World Migratory Bird Day 2020: Birds Connect Our World
World Migratory Bird Day will be celebrated by people across the world on Saturday, 9 May with the theme “Birds Connect Our World”. The UN-led campaign aims to raise awareness of migratory birds and the importance of international cooperation to conserve them. It is organized by a collaborative partnership among two UN treaties, the Convention on Migratory Species (CMS) and the African-Eurasian Migratory Waterbird Agreement (AEWA) and the Colorado-based non-profit organization, Environment for the Americas (EFTA). Coming at a time when most of the world’s population is under some form of restricted movement due to the coronavirus, this theme carries a particular relevance and poignance. The Wadden Sea World Heritage is one of the major migratory bird sites in the world as significant spot on the East Atlantic Flyway. With the launch of the Wadden Sea Flyway Initiative in 2014 the Wadden Sea countries work together with other countries along the Flyway to monitor and better protect the birds.

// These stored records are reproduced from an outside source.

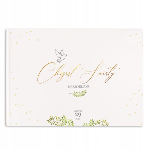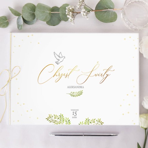 - Księga pamiątkowa w białym kolorze. Na powierzchni znajduje się piękna grafika.
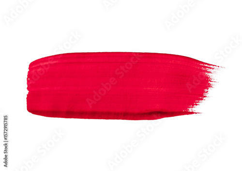 Fototapeta premium A solid red paint stroke with visible brush texture on a light background....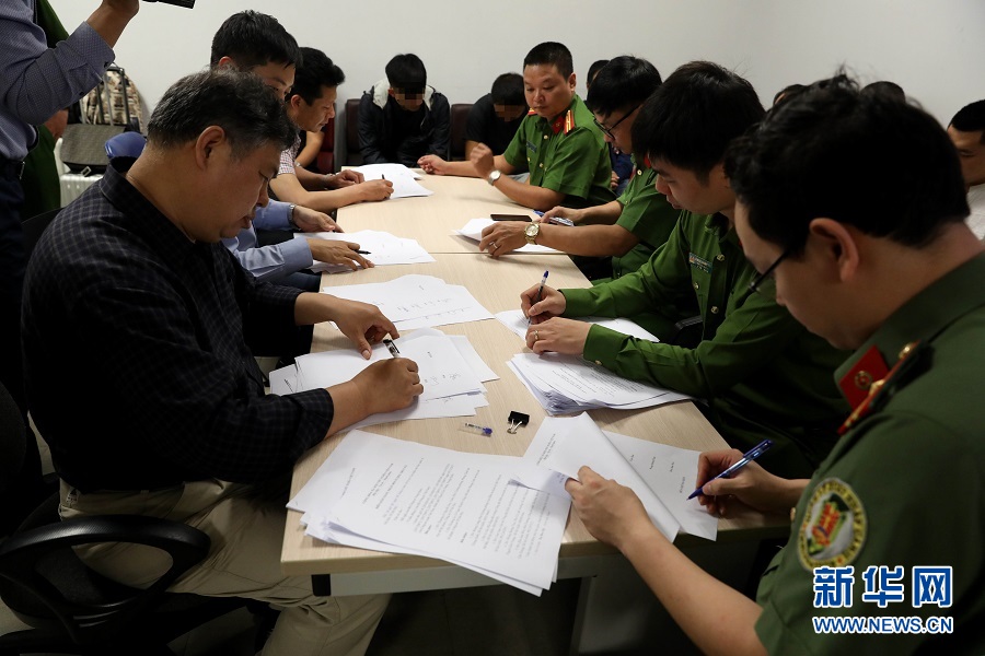 4月28日,中越警方簽署移交相關(guān)文件。當(dāng)日,越南警方在河內(nèi)內(nèi)排國際機場向中國警方工作組移交了許某等8名涉嫌詐騙罪的在逃嫌疑人。中國警方“獵狐行動”在越南再獲新成果。新華社記者王迪攝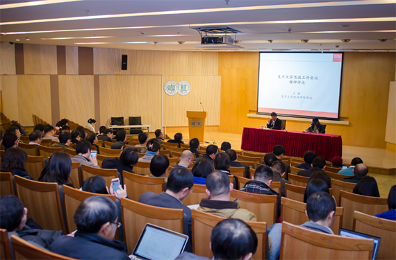 随后,学院党委书记石磊老师传达了教育部思想政治工作司司长张东刚开展的思政工作会议精神。石书记结合自身的理解,根据中央31号文对思政工作的主要内容做了十点解读,诸如“高校思想政治工作关系到高校培养什么的人,以及如何培养人,谁培养人”等。接着他又从“学科发展工作和思政工作要结合在一起”、“编写教材要与社会主义科学建设相结合”、“办好高校教育必须坚持党的领导”等角度阐述了思政工作的核心思想。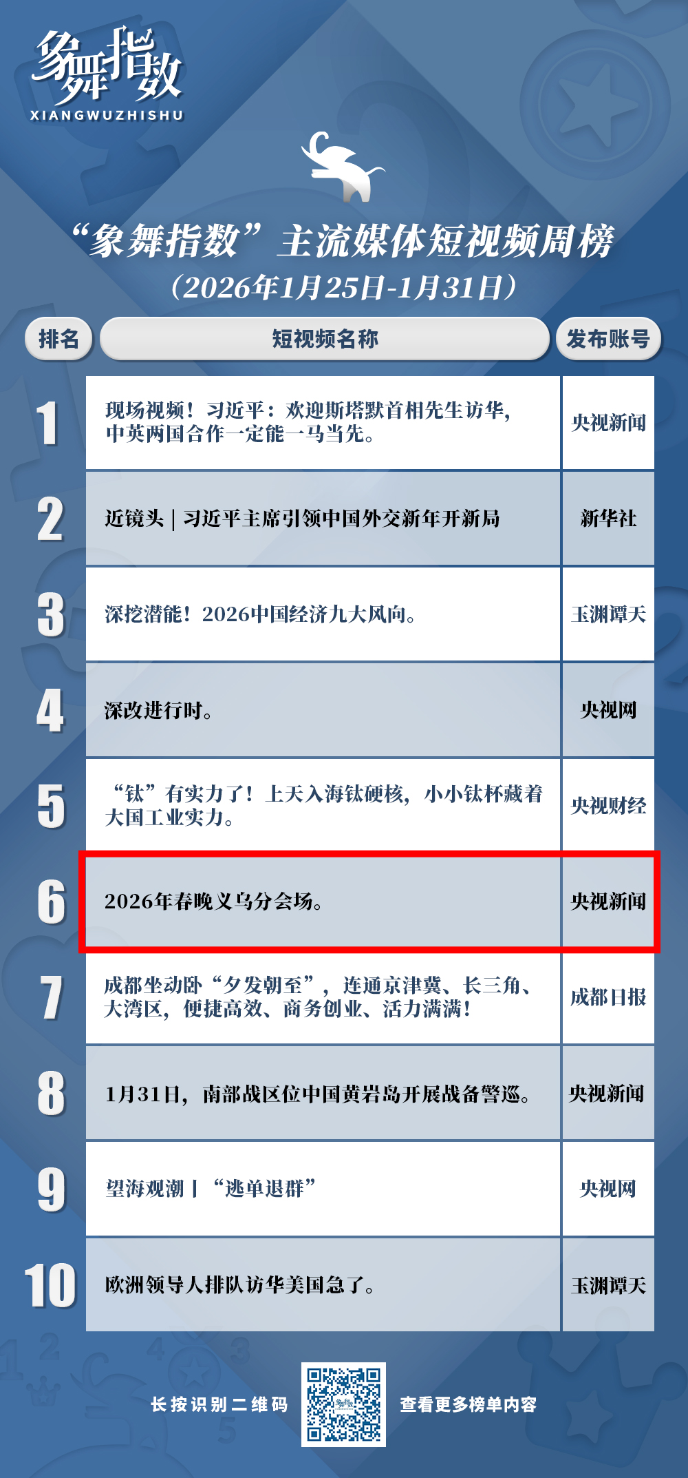 随着春节脚步的临近,大众对总台春晚的关注度也逐步攀升。在此背景下,央视新闻推出短视频《2026年春晚义乌分会场》,凭借精良的创作与新颖的表达脱颖而出,成功跻身本周“象舞指数”榜单。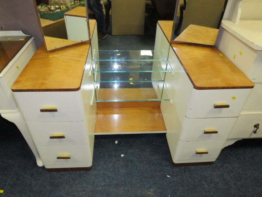 A DECO WHITE PAINTED WARDROBE AND DRESSING TABLE (2)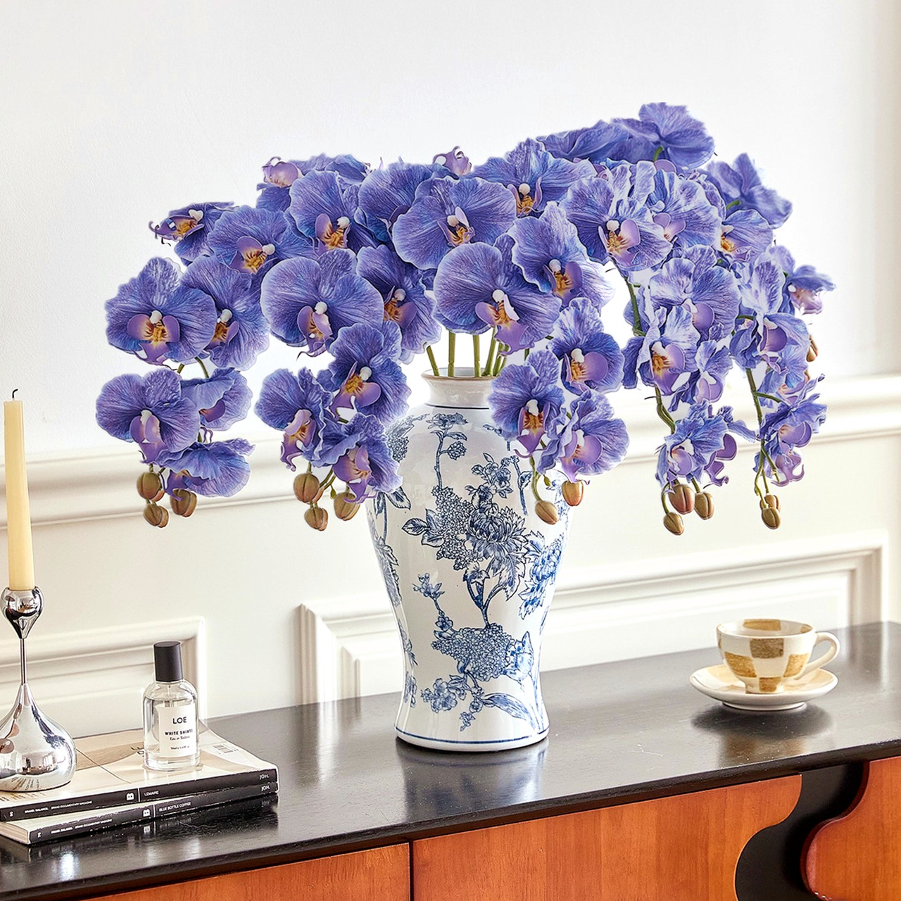 Size:the real touch orchid stems total length 99cm/38.9 inches, 9 petals and 3 buds, the diameter of petals about 10cm/3.94 inches.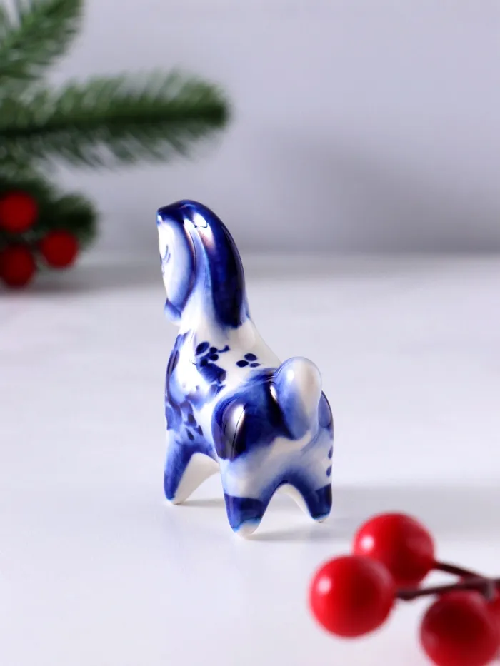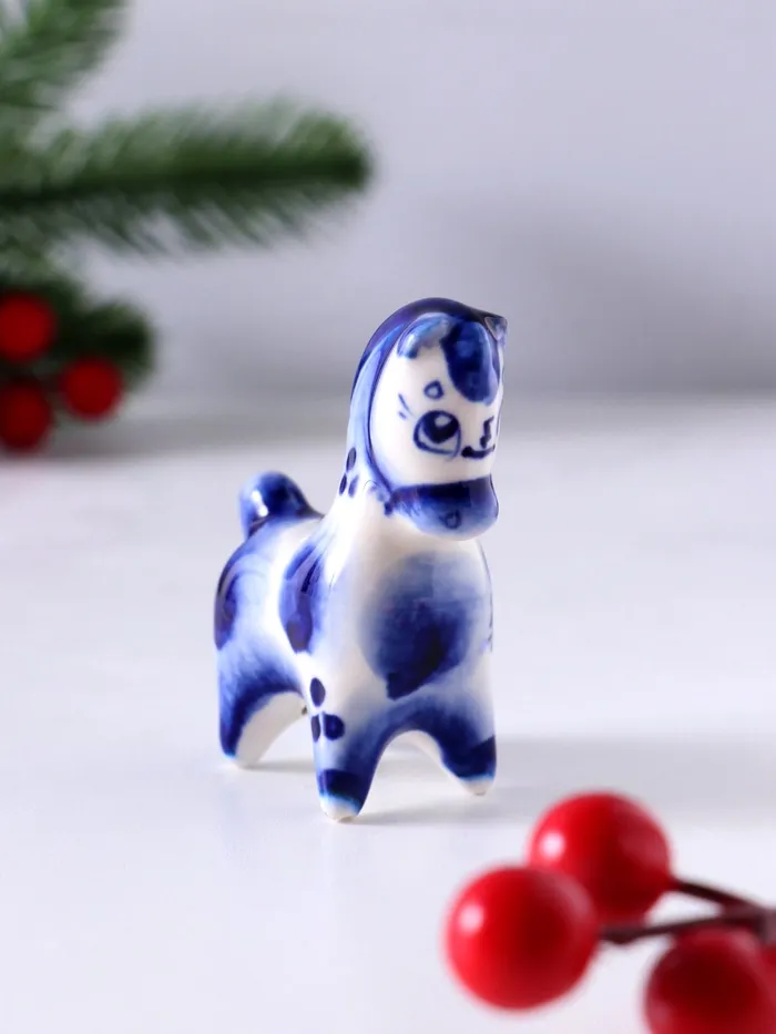 Фигурка фарфор гжель «Конь Мираж», 6.5×5.5×2.5 см, бело-синий — Характеристики
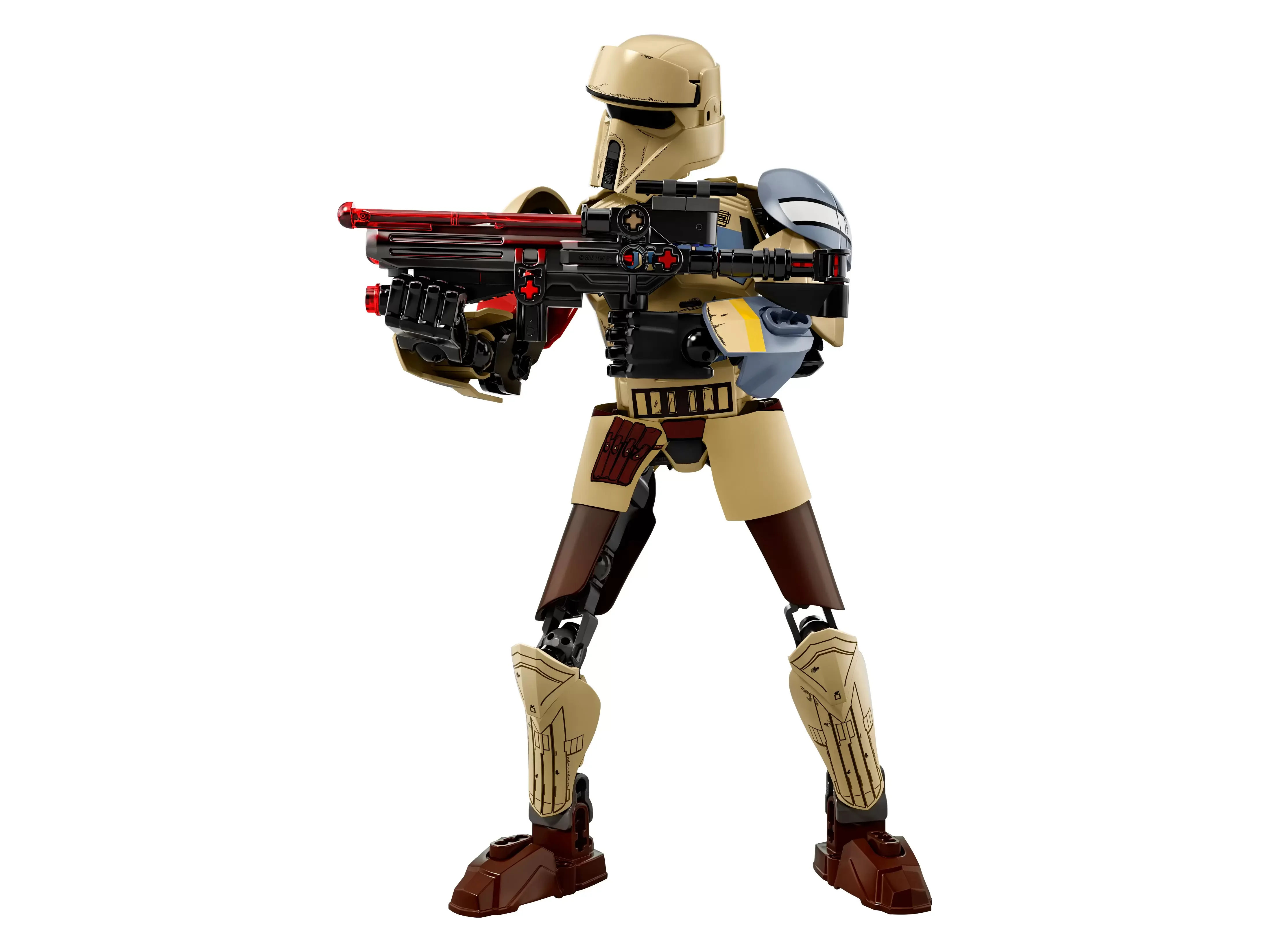 Функциональный детализированный робот Лего из серии Звездные Войны «Штурмовик со Скарифа» понравится детям от 7 до 14 лет. Воин обладает подвижными сгибающимися конечностями, поэтому легко принимает любую боевую позу, не теряя при этом равновесия. Песочный штурмовик одет в прочную броню и вооружен мощной космической винтовкой с лазерным прицелом. При нажатии на курок орудие стреляет красными снарядами либо длинными стрелами. Набор Lego Star Wars состоит из 89 элементов и подробного руководства по сборке.

“Migratory birds can be found everywhere: in cities and in the countryside, in parks and in our backyards, in forests and in mountains, in deserts and in wetlands, and all along the shores. They connect to all of these habitats, and they connect us and the places where we live to people and places around the globe,” said Amy Fraenkel, Executive Secretary of CMS. "Yet, migratory birds are under threat, from loss of habitat, climate change, poisoning, power lines, and illegal killing. We need to step up our actions across the world to better protect migratory birds and the habitats they need to survive and thrive.”
“Despite the challenges that humankind must face, it is not a silent spring. Birdsong has overtaken the sound of cars in many of the world’s cities. Many birds are coming back to breed in wetlands, forests and even in our gardens. This shows that the cycles and rhythms of nature, including those of migratory birds are continuing on their normal course,” said Jacques Trouvilliez, Executive Secretary of AEWA. “The only real difference is that more people are now listening. Let us hold on to this new sense of appreciation, enjoy this music, and look for birds around us. Birds carry a message of hope. Let us remember the birds and, nature as a whole, when we go ahead to build a healthier, more environmentally responsible and more liveable world for all of us. Birds connect us.”
EFTA, which is spearheading World Migratory Bird Day activities in the Western Hemisphere – along the Americas Flyway – is launching BirdDayLive a new interactive website functioning as a major hub of activities for the campaign, including virtual events such as live talks by experts, videos, quizzes, book readings and creative activities designed for children.
Launched in Kenya in 2006, the World Migratory Bird Day is celebrated globally on two peak days – the second Saturdays in May and October – to accommodate the cyclical nature of migration and to allow celebrations to take place in countries in every part of the globe.